Apparently this quite amazing association is because:

[It is a quite] “preposterous” idea that getting the Congressional Budget Office in America, or equivalents elsewhere, to predict inflation will take care of the inflation risk from large budget deficits. Given the forecasting record on inflation, it plainly will not.

And so he claims

[W]hile advocates of MMT see it as a two-way street in which spending would be reined in if inflation took off, politicians may see it differently. Would it be a recipe for huge instability in the provision of public services, with public spending cut in response to rising inflation in a way that would make George Osborne’s austerity look like a tea party? Or would the government decide it could live with a lot more inflation? Either way, it would not be pretty.

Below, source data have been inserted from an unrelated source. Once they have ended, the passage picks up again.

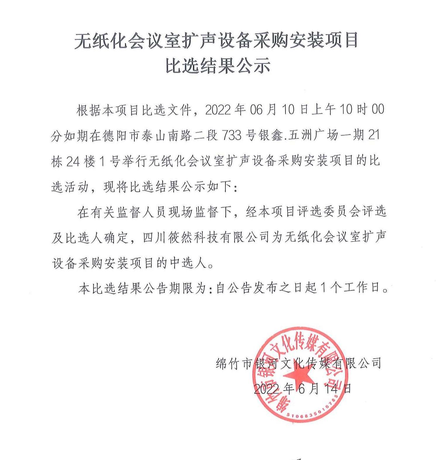 无纸化会议室扩声设备采购安装项目比选结果公示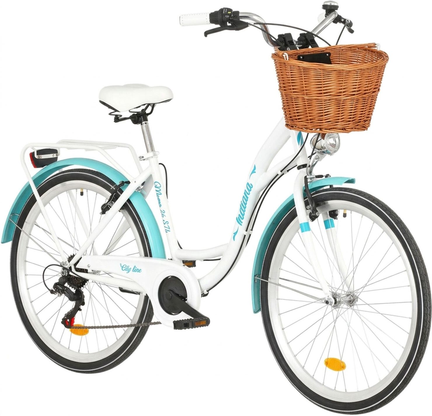 Aktywny wypoczynek Zapomnij o korkach i problemach z parkowaniem samochodu! Rower miejski INDIANA Moena S7B to idealne rozwiązanie dla tych, którzy chcą poruszać się po mieście szybko, wygodnie i w stylu. Dzięki temu rowerowi z łatwością przemieścisz się po ulicach miasta, dotrzesz do pracy czy szkoły, zrobisz zakupy lub po prostu spędzisz czas na powietrzu. Jego unikalny design sprawi, że zwrócisz uwagę przechodniów i pozwoli poczuć się wyjątkowo w tłumie. Wytrzymała rama Rama typu holenderskiego INDIANA Moena S7B wykonana jest ze stali o rozmiarze 17". Dzięki temu jest ona bardzo trwała i wytrzymała na trudy miejskiego użytkowania. Dodatkowo, jej konstrukcja zapewnia stabilność i komfort podczas jazdy. Pamiętaj, żeby dopasować rozmiar ramy do swojego wzrostu oraz długości wewnętrznej nogi. Nie zawsze dopasowanie ramy tylko do wzrostu będzie wystarczające ze względu na to, że mamy różną długość nóg. Jeśli chcemy czuć się na swoim rowerze komfortowo, przede wszystkim musimy zacząć od dopasowania długości ramy. Dzięki temu rower będzie się dużo łatwiej prowadzić! Bezpieczeństwo i kontrola Hamulec przedni i tylny aluminiowy V-Brake marki INDIANA zapewnia doskonałą kontrolę nad rowerem podczas hamowania. Hamulec ten charakteryzuje się łatwością użycia oraz wysoką skutecznością. Zmieniaj biegi! Przerzutki tylne marki SHIMANO o 7 biegach to gwarancja płynnej jazdy i łatwej zmiany biegów. Dzięki temu bez problemu dostosujesz swoją prędkość do warunków panujących na drodze. Komfortowa kierownica Kierownica miejska o wąskim kształcie marki INDIANA na stalowo-aluminiowym wsporniku to doskonały wybór dla tych, którzy szukają wygody i stylu. Kierownica ta jest bardzo wygodna w użyciu i doskonale dopasowuje się do dłoni użytkownika. Dodatkowo, profilowane uchwyty o antypoślizgowej strukturze zwiększą przyczepność dłoni. Doskonała przyczepność w każdą pogodę! Rower miejski INDIANA Moena S7B posiada koła o rozmiarze 26 cali, a ich obręcze wykonane są z aluminium, co gwarantuje trwałość i wytrzymałość konstrukcji. Obręcze są stożkowe, co zwiększa ich sztywność i stabilność. Dzięki temu rower utrzymuje kierunek jazdy, a jazda jest bardziej komfortowa. Opony zastosowane w rowerze INDIANA Moena S7B są idealnie dopasowane do miejskiej jazdy. Posiadają one bieżnik o średniej głębokości, co zapewnia dobrą przyczepność na asfalcie i lekkim terenie. Pamiętaj, aby regularnie sprawdzać ciśnienie powietrza! Wraz z upływem czasu spada ciśnienie w kołach – to naturalne zjawisko spowodowane porowatością dętki, które może powodować większy wysiłek przy pedałowaniu oraz szybsze zużycie i większe ryzyko przebicia opony. Zalecaną przez producenta wartość znajdziesz na bocznej części opony. Oświetlenie na każdą porę Rower INDIANA Moena S7B wyposażony jest w bateryjne oświetlenie LED z tyłu i z przodu, co zapewnia dobrą widoczność i bezpieczeństwo podczas jazdy w ciemności. Dzięki zasilaniu z baterii, oświetlenie jest niezależne od prędkości jazdy i działa nawet przy niskich prędkościach. Zastosowane diody LED są energooszczędne, co przedłuża żywotność baterii i zapewnia dłuższy czas jazdy z jednym ładowaniem. Zabierz ze sobą bagaż Rower INDIANA Moena S7B wyposażony jest w solidny bagażnik, który umożliwia przewożenie różnego rodzaju bagaży, takich jak torby, plecaki, czy kosze rowerowe. Bagażnik został zamontowany nad tylnym kołem, a więc nie przeszkadza podczas podróży. Jest to bardzo przydatne rozwiązanie w codziennym użytkowaniu roweru miejskiego, na przykład do przewożenia zakupów. Wysoki poziom komfortu podczas jazdy Siodełko rowerowe INDIANA Moena S7B zostało zaprojektowane z myślą o maksymalnym komforcie użytkownika. Siodełko typu Comfort na sprężynach na sztycy prostej stalowej, zapewnia wygodną pozycję siedzącą i redukuje wibracje podczas jazdy. Dzięki temu, jazda na rowerze INDIANA Moena S7B jest wygodna i przyjemna, nawet podczas długich tras. Dłuższa żywotność łańcucha Rower INDIANA Moena S7B wyposażony jest w osłonę łańcucha, co pozwala na ochronę przed brudem i zapewnia dłuższą żywotność łańcucha. Osłona łańcucha zwiększa też bezpieczeństwo użytkowania roweru, ponieważ chroni przed przypadkowym dotknięciem lub wplątaniem ubrania w napęd. Zabezpieczenie przed zachlapaniem ciała i odzieży Rower INDIANA Moena S7B wyposażony jest w szerokie błotniki, które chronią przed zachlapaniem i brudem podczas jazdy w deszczowe dni. Błotniki zapobiegają też przenoszeniu brudu z koła na ramę i ubranie użytkownika, co ułatwia utrzymanie czystości roweru i poprawia komfort jazdy. Szerokie błotniki INDIANA Moena S7B są wykonane z wytrzymałego materiału, co zapewnia im długą żywotność i niezawodność. Wyposażenie Do roweru dołączono dzwonek, odblaski, stopkę, instrukcję obsługi i montażu oraz kartę gwarancyjną. Zadbaj o swoją wygodę W trosce o Twój komfort chcemy świadczyć usługi na jak najwyższym poziomie, dlatego oferujemy dodatkowe pakiety usług, w których m.in. zakupiony rower wniesiemy, rozpakujemy i zmontujemy za Ciebie. Wszystko po to, b...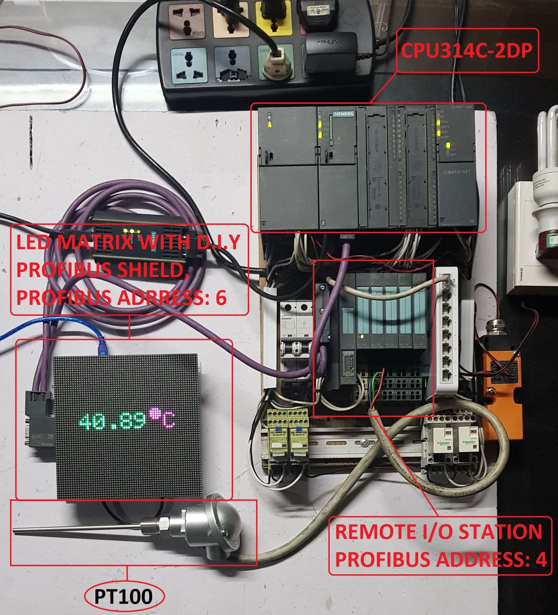 - PLC read the temperature from Remote I/O station Profibus Address 6 and then send this value to led matrix module (Profibus Address - 6).

So we go back to the point he deliberately missed, which is that it is not spending cuts that MMT says would be required if there was inflation at full employment (which is the only sort of inflation which is within the control of a government, come what may) but tax that would need to be increased.

By deliberately missing the fact that MMT has already answered the point he has made – by suggesting the use of tax as the only tool we now have which is capable of managing inflation if it were ever to rear its head again (which seems very unlikely for a long time to come) Smith has deliberately constructed a ‘straw man’ argument to dismiss MMT. His argument is, then, meaningless.

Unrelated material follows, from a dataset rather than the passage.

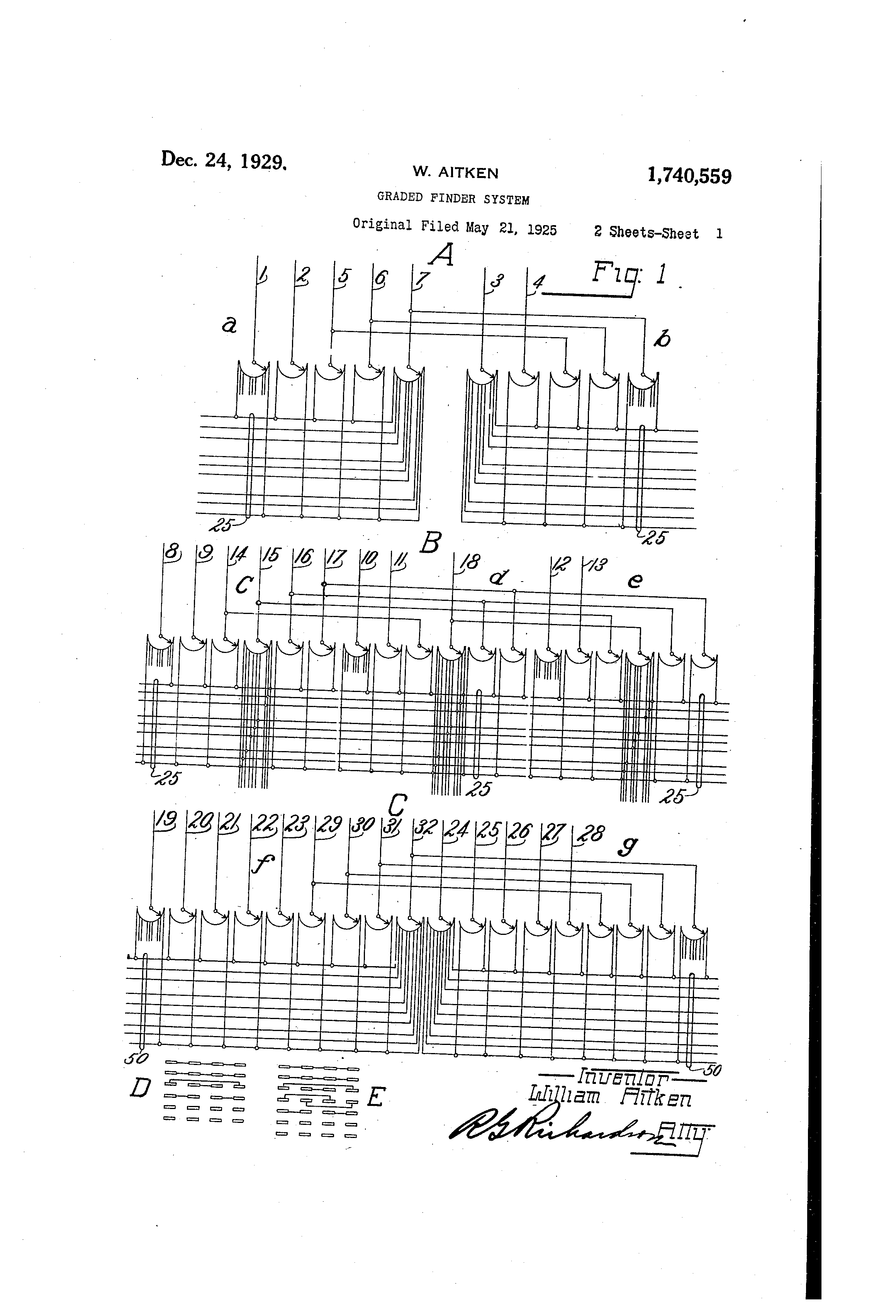 Pater,ted Dec. 24, 1929 12740@559 UNITED STATES PATENT OFFICE WILLIAM AITKEN, OF LONDON, ENGLAND, ASSIGNOR, 13Y MTESNE ASSIGNXENTS, TO AUTOMATIC ELECTRIC INC., OF CHICAGO, ILLINOIS, A CORPORATION OF DELAWARE GRADED FINDER SYSTEX Application filed May 21,1925, Serial No. 31,808, and in Gr,,,at Britain.A-iigust 21,1921. Rene-wed September The present invei-ition relates to telephoiie systems employing iutoinatic switches ,tncl is niore partictilarly concernecl with systems @inplo.l,in(y s-",itches of the backwari-Ily huntIII(, o@ fi@cler type. As is well kiiown, tlle fu,llctionperformedb theseswiteliesis'esseny tially sli-nilor to that of line-s-,witelies of the forwar(Il btinting Lvpe. blit the coiitrolling y arrangements miist of course be clift-erent ancl in creneral the qtiantities i.nvolvecl will be 10 li @, ffereiit ,ilso. When the switel-ies ,ire usecl for connectinff ,t ca,lling siibscriber's Iiiie ",ith a first numerical switch, if Iii-iesivitches aro used, they must be provided inclividtial to each cilling line and lience ,t large iiumber 15 are i@eqliirecl. These switches however, ,ire comp,tratively el-ieap and sin-tple to m,,tn-Lifacture -,tnd furtl-ier, the selector snvitches to which the line-s-witel-ies have ,tccess may be arr,,inged i-n coinparatively lar(ye groli-os, for 20 instance groiips of 25 so that the nlimber of expensive selector switebes is redliec,(l to a minimum. Witli finder-snvitches on the otber hand, if they ai,e arranued to be of larg@e 25 ca,pacity, a special switch construction is necessary if undtil.y long h-Li-nting time is to .be avof@lecl, wl-iile if they -.re st,,indard switelies of small capacity, not onl-.y miist a mucli larger niiinber be ei-n,,-)Ioyed, btit siiiee 30 e,@tch fincler-switch is uslially clirectly linli:ecl to a selector switch, the expensive selector s-",itches mlist also be provided iii greater qu,,tntity. The object of the preseiit invention is to overcome tlii-s drawback to the use of fincler35 switel-ies ancl to enable a sr,,iall. type of finclerswitch similar in codstructiori to a Iiiie switch to be employecl without Linduly inere,,tsing the ni-imber of i-i7Limerical switches to Ayltich 40 the fiiider-switel-ies are linkecl ' the invention, in a system .i-@ecorCliDO' tO employing 'hncler-switches which bunt for l,ines arrangecl in gi-oups corresponding to the capacity of each finder-switeli, some of ,15 the.filider-switches are connected to inclividtial terminals of the succeeding switchino, devices, wliile others are connected in m@iltiple to'the terminals of tl-ie succeecling switching device. 5o According to another f-eature of the inven29, 1928. tioli, in a svstem eiiiployi]-ig bacl@iv,-,rdlv hiinting swite'hes for connectina subscrilers' lines to numeric,,il s%vitches, the nlimerical s@ vitches are arrangecl to be taken itito use in a definite order of priority, ii-i -wliieh order the 55 swit ches are accessi.ble from s,,iccessively larg er groups of subscribers' Iii-ies. A ftirther feature of the inveiition is tl-tat in a system employino, fincler swltcl-ies for conn ecting a catling @tibsei-iber's line to ,i co first nl,.merical switch, tl-ie finclers are adal)ted to be taken into use in t definite order of priority, the finclers aclapted to be first tal@ en into use for connectiny with a callinlu li-ii,e beiii(Y linked to indiviclual sivitelaiiig (le- 6 -iose t, vices, while tl ,ken into use when all of the first eliss are busy are coqnected liq successively 1,,Irger grotips to s-witehing devices co,-nmo'n to M-ore ihan one fiiider. Tiie in@,ention be bet4l-er unclerstooci 70 from t'le fol-lowiii (y degeription of i prefe,-recl emb odiment t,-tlc--n in coriiinction iNi'L-h 'tlie tccom panvino, clra-%Vin(rs. It Avill be undcrstood that tli.@Ligh the foriii described concerns the nov el. arr,,tirigoi-iie-.its of finders for Colll)-ecL'Il-Ig 75 ,,iibs cril-ers' lines -@@o -.q,,-imerical s-,Yitches, tl,.io inve, ,itioii is not limite(t to such use -,qor to tl-io exac t eireiiit arranoe-Tilents sholvn. Re ferrin(y now to the clr-Lwin(ys, Fig. I sliows virious arrapgements of fi@-iders -wl-iich so are possible accordip!E@ to i,lie @ilventioi-i in illust rations A ai-id B 25 point -ii-,iders ai-e tisecl and in illtistration kO 50 1 oii-it finciers ,ire i - Lised. D and C re@7,I)ectii,ely slioiy two ,irran(- ei-aents of -wl-iat iiity be term-ed "(Yra@iiiig"' 85 Z, iTi the b,,inlcs of the finder allotters associated Aiitli the various groups. Fig . 2 is a eireiiit di,,tgriiii shoivi-Tig the actiia l coth-iectioiis ii,heii finders of t'Wo di (T'erent groups are coiinectecl in ilitiltiple to a go comi non stieceedino- switcla, wliile Fig.@3 shonvs I the wiring of the fincler allo't,ter banks. In illustration A there are slionvn tnvo grou ps of stibscribers' lines a and b, e,,ich uroti p comprising 9,5 lines -which are served 95 b@v five finder-switches. In each groul) it is ,ti,ra n(yed thtt by means of an allotter (not shown@) the fipcler-switches are taken into iis6 in a clefinite orcler of priority, f-or instance the tru-,ik lines asrociatecl with i-iic finders in 1.00

Or rather as an economic argument it is, but politically it is very revealing   If the only way you can argue against MMT is by ignoring what it actually says then there is something important to note. And that is that people like David Smith are in reality profoundly worried by MMT and actually know that they have nothing in their own armoury with which to launch a counter-argument, because it describes the world that we live in with greater accuracy than any other economic model now available, whilst making clear that the mechanisms of economic control used by governments over the last forty years (i,e spending cuts and interest rates) now have no further part to play in the management of the macroeconomy in the world we now live in. That must be deeply disconcerting for neoliberals like Smith, and neo-Keynesians like Pettifor, but the simple fact is that all they reveal is that they are very frightened that their whole world-view has been overturned and have no clue what to do about it.

I would suggest that they should think again. I suspect that will take a while though. They have vested interests in maintaining their current positions, however wrong they are.